GIVEN INFORMATION:
· · ·

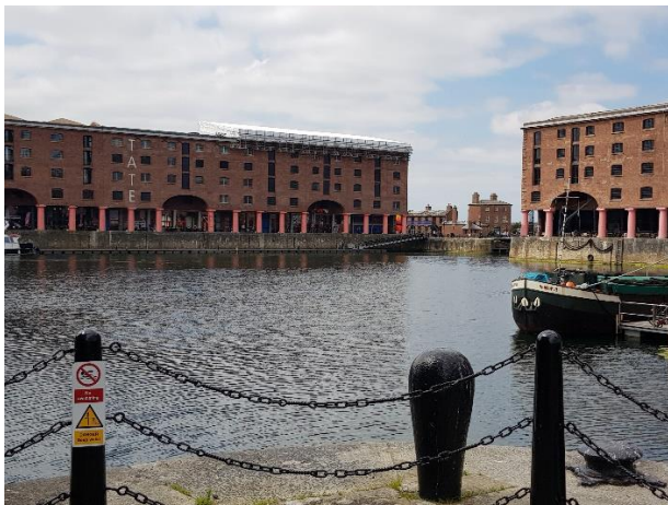
Albert Dock and Tate Liverpool
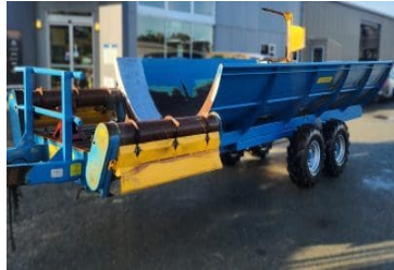
Scannell 5 Bale Feeder 208814 (O) 5 Bale Feeder, Feeding Out, 2008, Used $19,950.00+GST
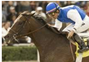
In Summation

· · ·

WHAT YOU SHOULD DO: From the line with "Scannell 5 Bale" to the last line of the material, both inclusive, set down every line exactly and nothing else; omit pictures.

RESPONSE AREA:
Scannell 5 Bale Feeder 208814 (O) 5 Bale Feeder, Feeding Out, 2008, Used $19,950.00+GST
In Summation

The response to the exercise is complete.